L'annonce suivait l'ordre donné par l'administration Trump à Anthropic de suspendre l'accès de "tout ressortissant étranger" à ses deux modèles les plus puissants, qui avait alarmé les Européens sur leur dépendance aux technologies américaines.
Sans citer ChapsVision, M. Karp a critiqué l'idée de confier "uniquement" à "des entreprises françaises" le déploiement de "modèles fermés" américains et chinois "sans couche applicative".

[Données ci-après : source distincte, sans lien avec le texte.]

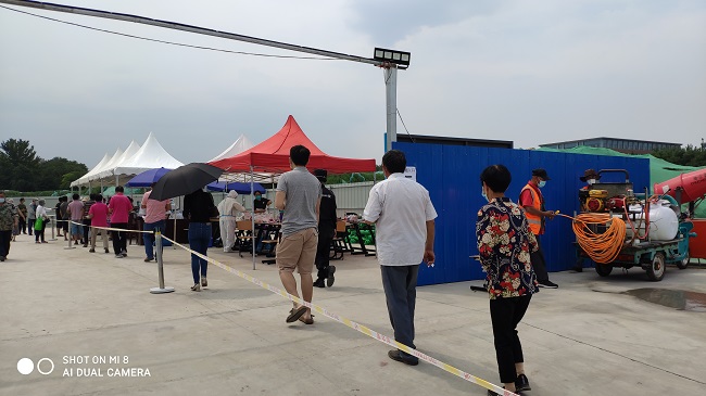 6月18日一早,項目部便派出10名黨員干部協助樊家村村民進行核酸檢測,在現場,項目人員衣著防護服分散在檢測點門口幫助村民掃二維碼進行檢測人員信息登記,在隊伍中間有序組織大家保持一米間隔,以及在檢測地點協助醫生對村民進行核酸檢測。

"L'environnement réglementaire n'aide manifestement pas l'Europe ni la France, et il vous faut une régulation qui aide vraiment", a-t-il ajouté.
Il assure ne pas parler dans l'intérêt des entreprises américaines, Palantir ayant "une très petite présence" et ne cherchant "pas vraiment à s'étendre", mais dans celui de la France, "culturellement le pays le plus important d'Europe" et "économiquement le deuxième".
"Qui aime bien châtie bien", s'est justifié, de nouveau en français, ce docteur en philosophie diplômé en Allemagne, qui dirige une entreprise cofondée en 2003 avec Peter Thiel, soutien de Donald Trump.
Interrogé sur la peur que suscite l'IA, il a reconnu "des inquiétudes légitimes", mais "on ne peut pas faire comme si les véritables interrogations techniques étaient la même chose que l'alarmisme".